___ DATA SUPPLIED ___

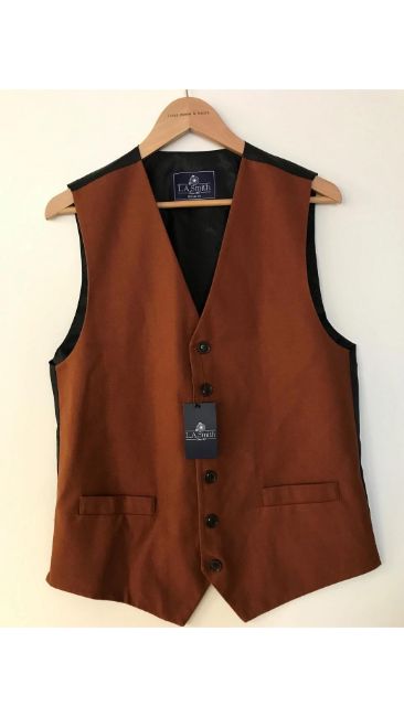 Two L.A. Smith Men's Plain Country Waistcoat, Rust, Size XL
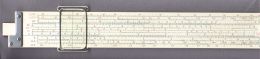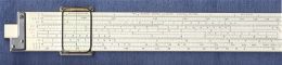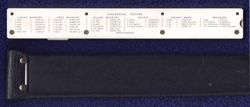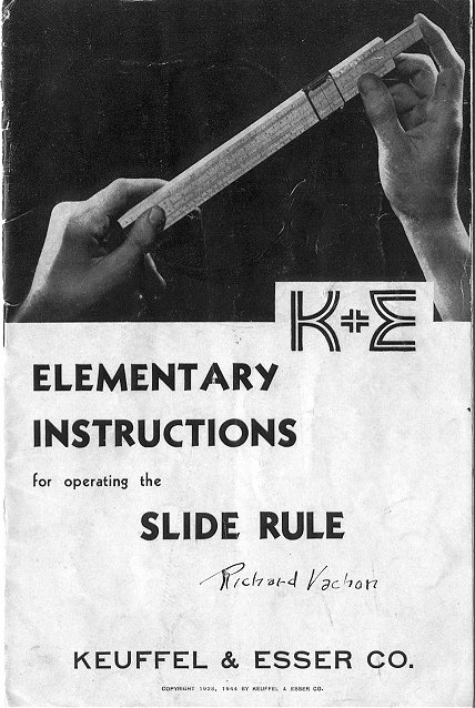 The 4058W was K&E's most basic offering. In fact, this was their "Beginners" model, and it was the most simply (and cheaply) made of any K&E rule. Like the more advanced 4053 series, this model also goes back a long way and underwent a number of design modifications over the years. This representative example from my collection is a fairly late model built, with an all-plastic spring-mounted cursor and mid-century table of equivalents on the back. Made apparently of light-weight pressed wood, this model has a simple white-painted face with printed monotone scales, very reminiscent of the inexpensive Lawrence Engineering rules. Unlike all other K&E rules, this model lacks parts/serial numbers, consistent with its basic design features. I've seen various types of paperboard/vinyl sleeves to protect the rule, and a decent enough model is shown in the high resolution scans. Judging from K&E's price list, this model rule would have retailed for $2.25 US in the early 1950's. I've also included a scan of a manual for this model rule, taken from the same time period (final copyright date 1944). This Beginners rule is just that ... basic, functional, with no pretension to being anything more.
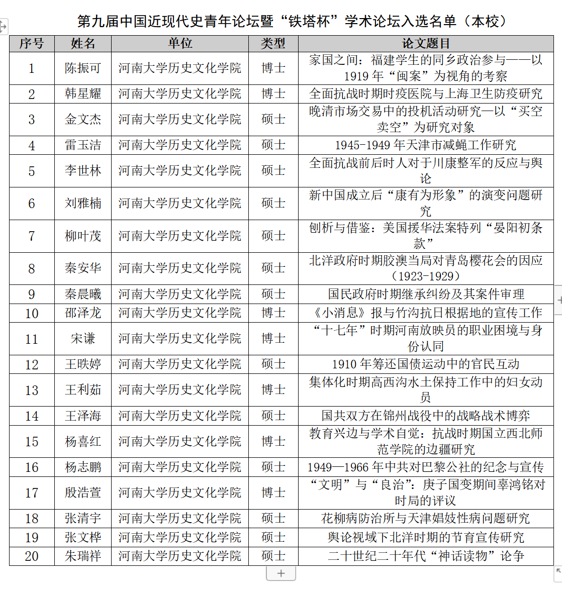 及《史学月刊》编辑部相关专家审阅、评选,最终遴选出46篇论文参会。限于会议规模,还有较多优秀论文无法入选,甚是遗憾,谨此对广大师生的支持与厚爱表示感谢。
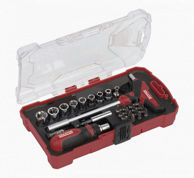 Ráčnový set hlavic a bitů 28ks.9ks nástrčných klíčů 1/4 16 různých bitů (4x hex , 4x plochý, 4x Philips(R) a 4x Torx(R))1x rukojeť T1x šroubovací držák1x držák bitů
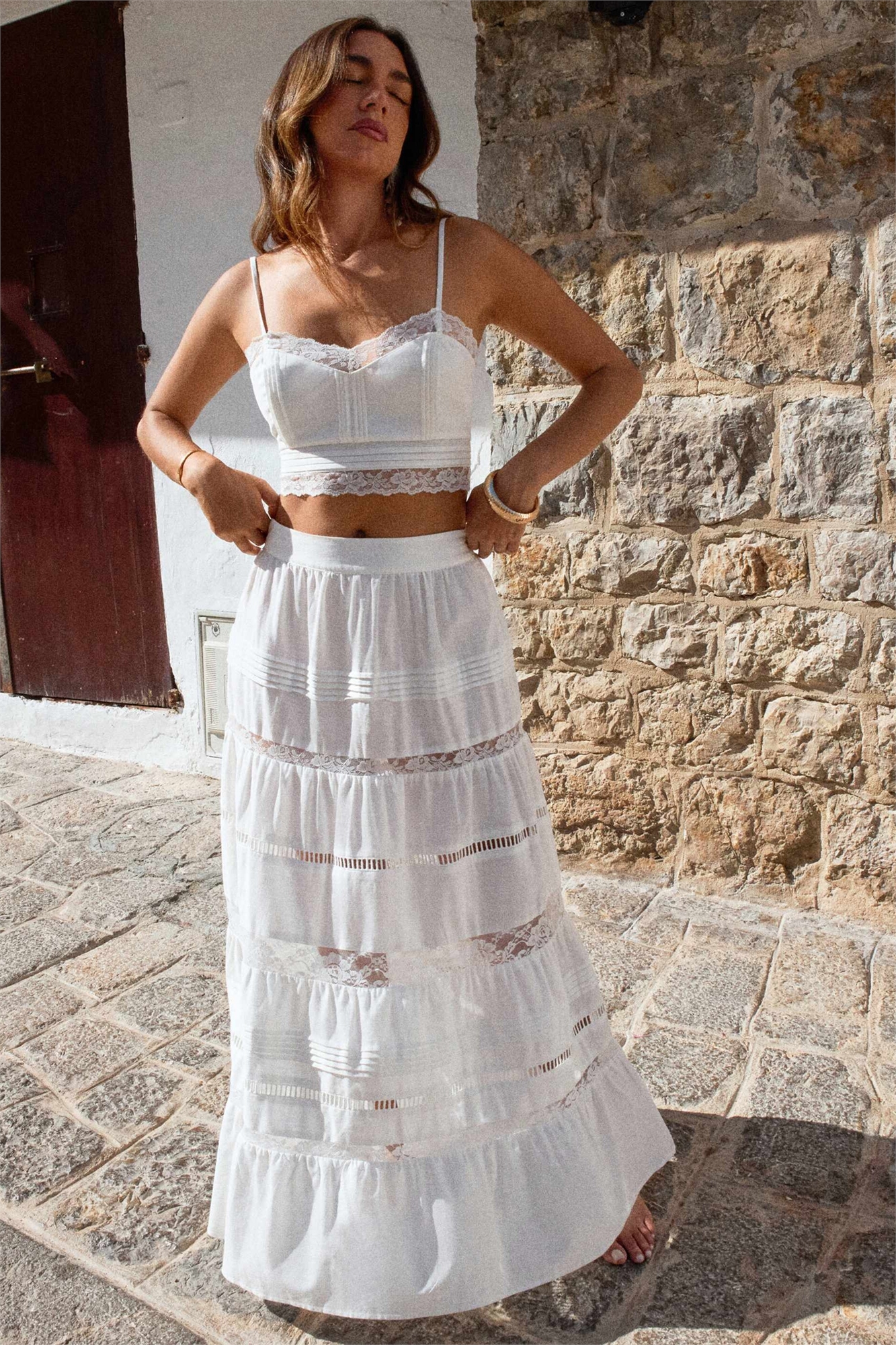 X Luana Barron — пляжная юбка макси из льна с многослойными кружевными вставками co-ord
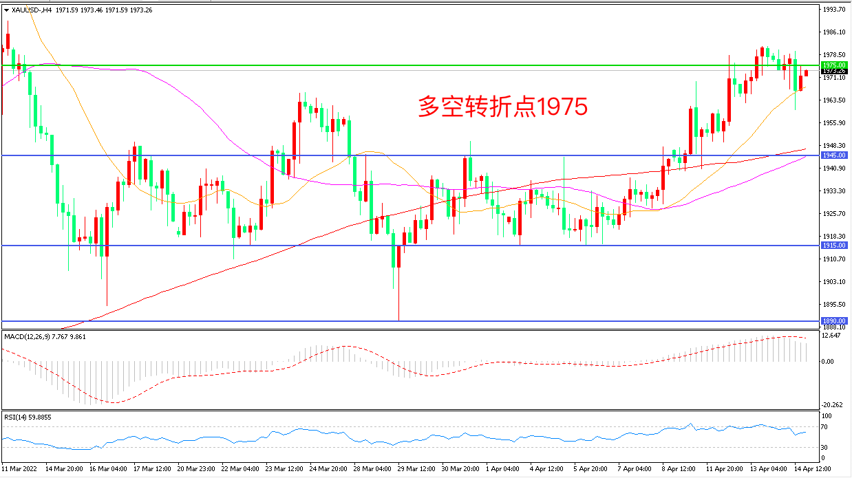4小时图看,金价长阴下破后小幅反弹,短期走势偏强,1975成为多空分水岭, MACD红柱缩短,RSI指标走平,日内震荡上行概率较大。

___

* _EXERCISE PROMPT_
Return all the data exactly, and keep the pictures out.

* _TASK RESPONSE_
 Two L.A. Smith Men's Plain Country Waistcoat, Rust, Size XL
 The 4058W was K&E's most basic offering. In fact, this was their "Beginners" model, and it was the most simply (and cheaply) made of any K&E rule. Like the more advanced 4053 series, this model also goes back a long way and underwent a number of design modifications over the years. This representative example from my collection is a fairly late model built, with an all-plastic spring-mounted cursor and mid-century table of equivalents on the back. Made apparently of light-weight pressed wood, this model has a simple white-painted face with printed monotone scales, very reminiscent of the inexpensive Lawrence Engineering rules. Unlike all other K&E rules, this model lacks parts/serial numbers, consistent with its basic design features. I've seen various types of paperboard/vinyl sleeves to protect the rule, and a decent enough model is shown in the high resolution scans. Judging from K&E's price list, this model rule would have retailed for $2.25 US in the early 1950's. I've also included a scan of a manual for this model rule, taken from the same time period (final copyright date 1944). This Beginners rule is just that ... basic, functional, with no pretension to being anything more.
 及《史学月刊》编辑部相关专家审阅、评选,最终遴选出46篇论文参会。限于会议规模,还有较多优秀论文无法入选,甚是遗憾,谨此对广大师生的支持与厚爱表示感谢。
 Ráčnový set hlavic a bitů 28ks.9ks nástrčných klíčů 1/4 16 různých bitů (4x hex , 4x plochý, 4x Philips(R) a 4x Torx(R))1x rukojeť T1x šroubovací držák1x držák bitů
 X Luana Barron — пляжная юбка макси из льна с многослойными кружевными вставками co-ord
4小时图看,金价长阴下破后小幅反弹,短期走势偏强,1975成为多空分水岭, MACD红柱缩短,RSI指标走平,日内震荡上行概率较大。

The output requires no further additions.